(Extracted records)

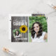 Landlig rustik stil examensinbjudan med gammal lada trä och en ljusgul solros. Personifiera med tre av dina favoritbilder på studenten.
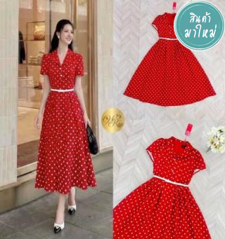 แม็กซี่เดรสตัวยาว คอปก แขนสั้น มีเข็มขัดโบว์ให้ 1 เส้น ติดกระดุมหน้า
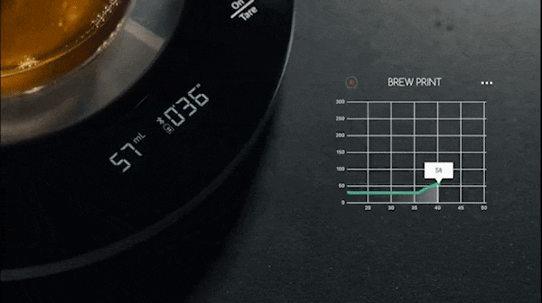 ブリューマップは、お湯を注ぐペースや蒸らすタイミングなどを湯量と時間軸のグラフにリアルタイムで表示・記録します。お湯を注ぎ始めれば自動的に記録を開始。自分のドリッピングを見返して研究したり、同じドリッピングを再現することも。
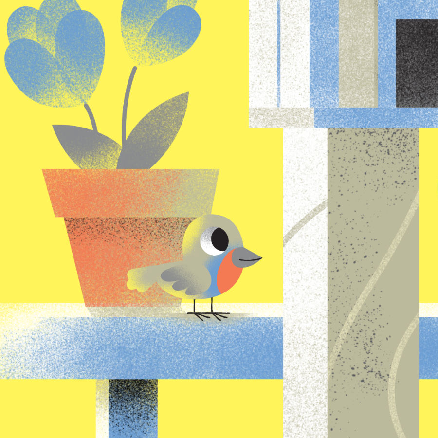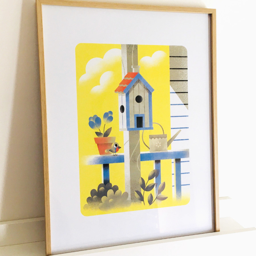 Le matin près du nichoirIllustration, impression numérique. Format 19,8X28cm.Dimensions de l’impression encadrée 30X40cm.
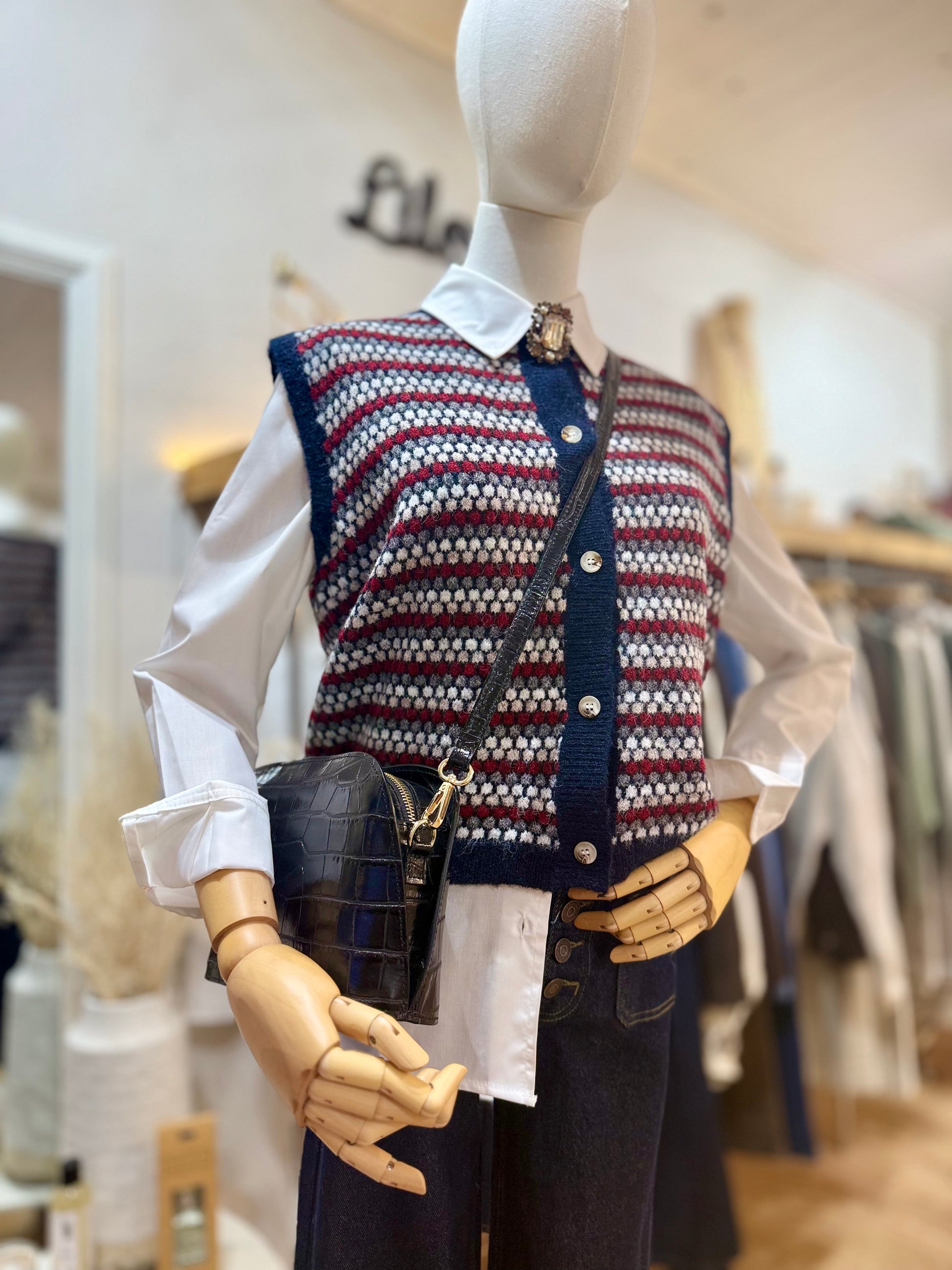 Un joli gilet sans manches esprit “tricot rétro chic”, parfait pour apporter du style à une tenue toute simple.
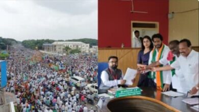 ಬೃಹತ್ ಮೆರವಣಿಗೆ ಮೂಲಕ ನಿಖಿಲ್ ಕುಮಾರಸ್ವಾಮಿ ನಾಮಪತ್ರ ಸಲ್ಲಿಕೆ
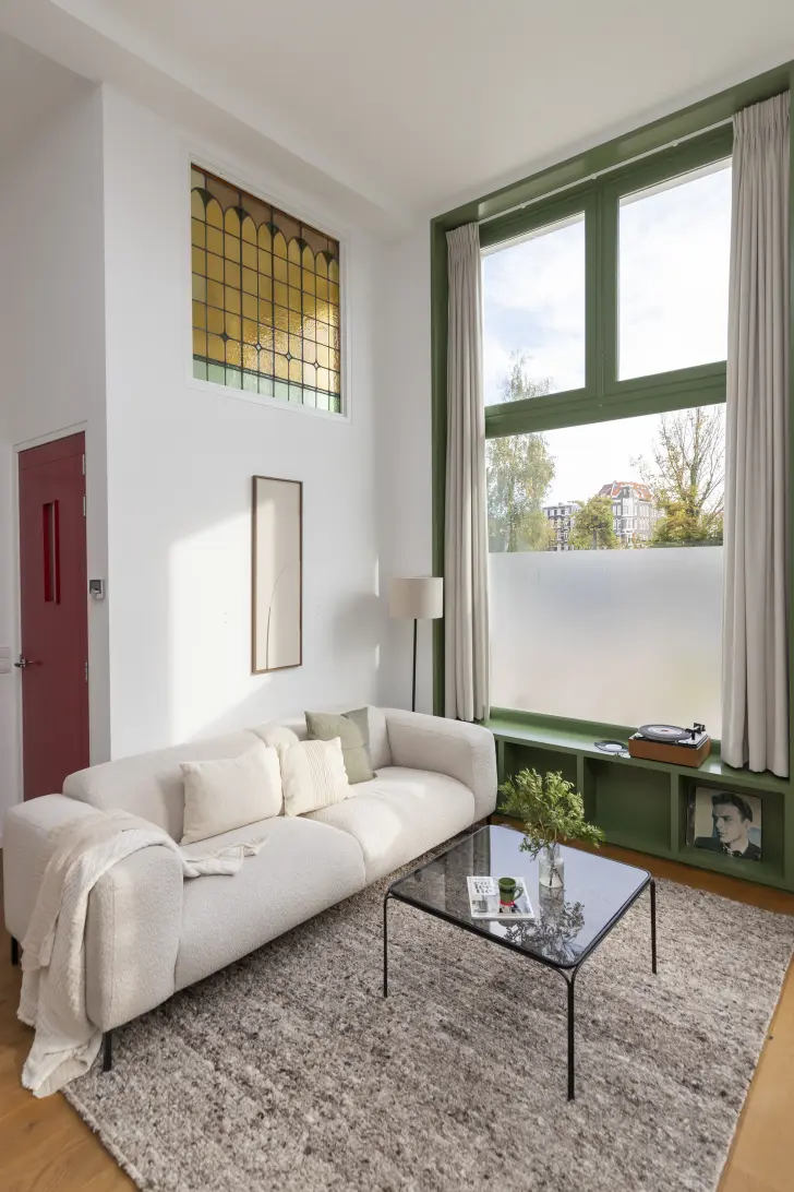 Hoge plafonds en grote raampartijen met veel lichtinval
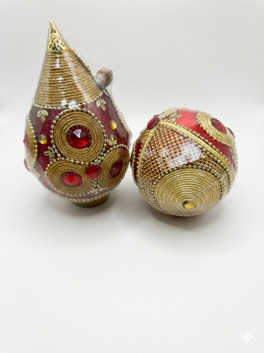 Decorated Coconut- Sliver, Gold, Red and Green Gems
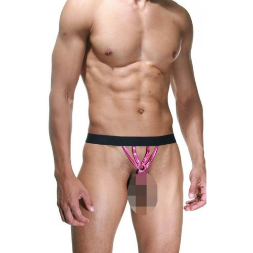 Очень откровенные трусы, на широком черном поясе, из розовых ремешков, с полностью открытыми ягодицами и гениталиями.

→ What to produce
Repeat, exactly and in full, every entry in the data, but not the pictures.

→ Final answer
 Landlig rustik stil examensinbjudan med gammal lada trä och en ljusgul solros. Personifiera med tre av dina favoritbilder på studenten.
 แม็กซี่เดรสตัวยาว คอปก แขนสั้น มีเข็มขัดโบว์ให้ 1 เส้น ติดกระดุมหน้า
 ブリューマップは、お湯を注ぐペースや蒸らすタイミングなどを湯量と時間軸のグラフにリアルタイムで表示・記録します。お湯を注ぎ始めれば自動的に記録を開始。自分のドリッピングを見返して研究したり、同じドリッピングを再現することも。
 Le matin près du nichoirIllustration, impression numérique. Format 19,8X28cm.Dimensions de l’impression encadrée 30X40cm.
 Un joli gilet sans manches esprit “tricot rétro chic”, parfait pour apporter du style à une tenue toute simple.
 ಬೃಹತ್ ಮೆರವಣಿಗೆ ಮೂಲಕ ನಿಖಿಲ್ ಕುಮಾರಸ್ವಾಮಿ ನಾಮಪತ್ರ ಸಲ್ಲಿಕೆ
 Hoge plafonds en grote raampartijen met veel lichtinval
 Decorated Coconut- Sliver, Gold, Red and Green Gems
 Очень откровенные трусы, на широком черном поясе, из розовых ремешков, с полностью открытыми ягодицами и гениталиями.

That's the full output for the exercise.